Bernie is our driver today. He’s a nice old dude, retired navy. He’s got a coffee-stained smile, silver hair and gnarled hands like tree roots.

Dr Hewett sits next to him, going over the day’s schedule. As usual, Hewett is pallid, sweaty and dishevelled. He smells like mothballs. He teaches my least-favourite class, Theoretical Marine Science, or TMS. Most of us call it ‘too much stuff’。 Sometimes we use a different word that begins with s.

Hewett is really strict, so this doesn’t bode well for the trials. My friends and I sit at the back of the bus, as far away from him as possible.

As soon as all twenty freshmen are on board, the bus gets underway.

At the main gate, the heavily armed paramilitary dudes wave and smile as we leave, like, Have a nice day, kids! Don’t die! I guess most high schools don’t have this level of security or the fleet of tiny surveillance drones that constantly circle the campus. It’s weird how quickly you get used to it, though.

As we turn onto Highway 1, I look back at campus – a dazzling collection of sugar-cube buildings perched on the clifftop above the bay.

A familiar feeling washes over me: I can’t believe I go to school here. Then I remember I have no choice but to go to school here. After what happened to our parents, it’s the only home Dev and I have in the world.

I wonder why I didn’t see Dev at breakfast. What had security said when he reported that flicker of light along the security grid? It was probably nothing, like he thought.

Still, I clutch the black pearl at the base of my throat.

I remember the last words my mother ever said to me: We’ll be back before you know it. Then she and my father disappeared forever.

‘Freshmen.’ Dr Hewett says the word like an insult.

He stands in the aisle, bracing himself with one hand on the seatback. He breathes heavily into the bus’s microphone. ‘This weekend’s trials will be very different from what you might be expecting.’

This gets our attention. Everybody fixes their eyes on Hewett.
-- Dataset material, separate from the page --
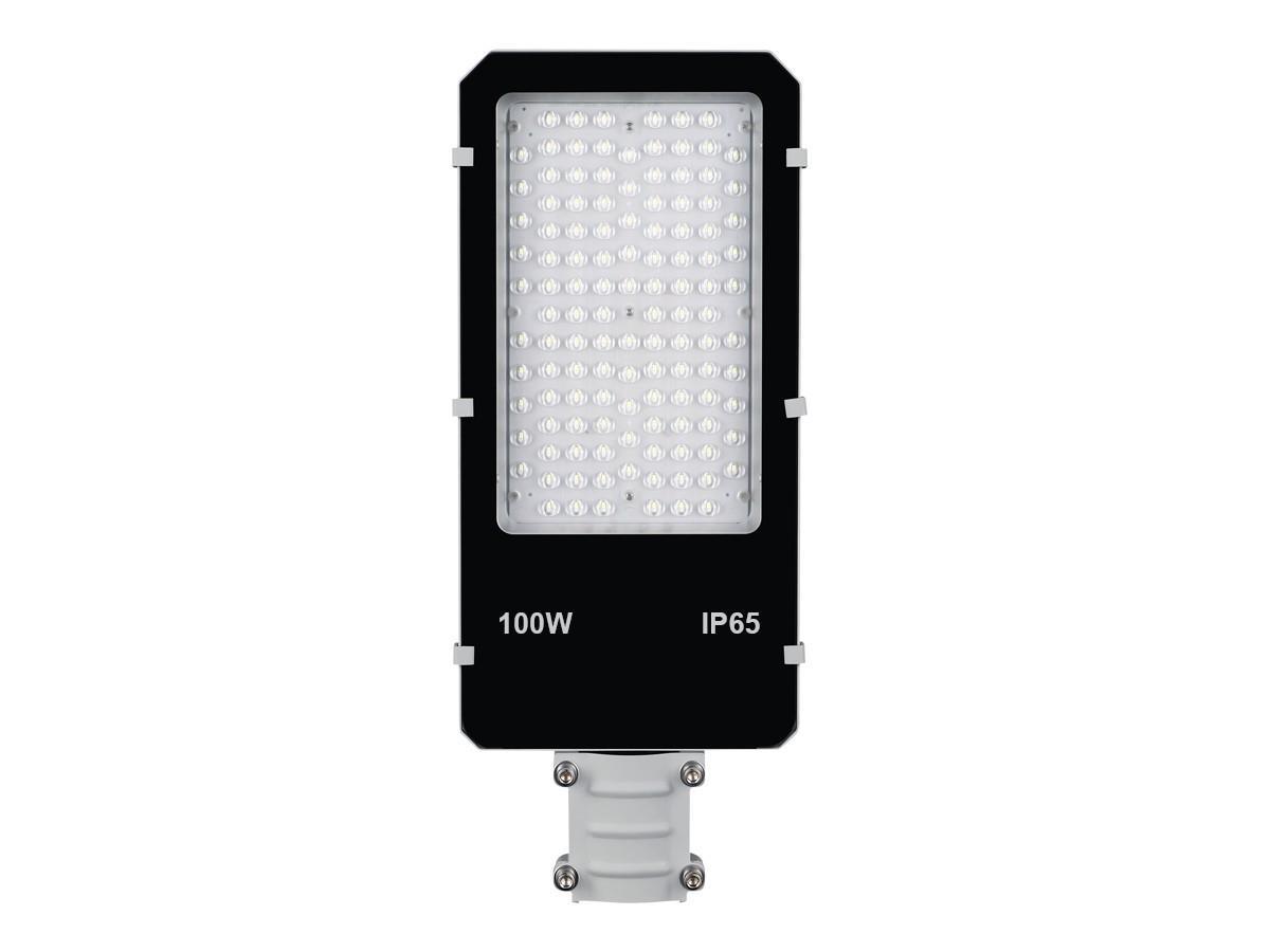 10 x 100 watt SMD LED Straat verlichtingen 5000K Waterdicht - lichtstroom 10000 lumen - lumen/watt 100 hoog lumen - lichtkleur daglicht 5000K - waterdicht IP65 - stralingshoek 90° - met lens - product kleur zwart en grijs - afm. 520 x 210 x 67mm - materiaal aluminium - bevestigingsset niet inclusief - levensduur 30.000 uren - voltage 85-265V - sku 358

The professor is shaped like a diving bell – narrow shoulders tapering down to a wide waist, where his rumpled dress shirt is half untucked from his slacks. His frazzled grey hair and sad, watery eyes make him look like Albert Einstein after a night of running failed calculations.

Next to me, Ester shuffles through her index cards. Top rests his head in her lap. His tail thumps softly against my thigh.

‘In thirty minutes,’ Hewett continues, ‘we will arrive in San Alejandro.’

He waits for our whispering to die down. We associate San Alejandro with shopping, movies and Saturday-night karaoke, not end-of-year trials. But I suppose it makes sense we would start there. The school’s boat is usually moored in the harbour.

‘We will proceed directly to the docks,’ Hewett continues. ‘No detours, no side trips to buy refreshments. You will keep your phones off.’

A few kids grumble. Harding-Pencroft strictly controls all communication through the school intranet. The campus is a cellular dead zone. You want to look up the breeding habits of jellyfish? No problem. You want to watch YouTube? Good luck with that.

The teachers say this is to keep us focused on our work. I suspect it’s yet another security precaution, like the underwater grid, or the armed guards, or the drone surveillance. I don’t understand it, but it’s a fact of life.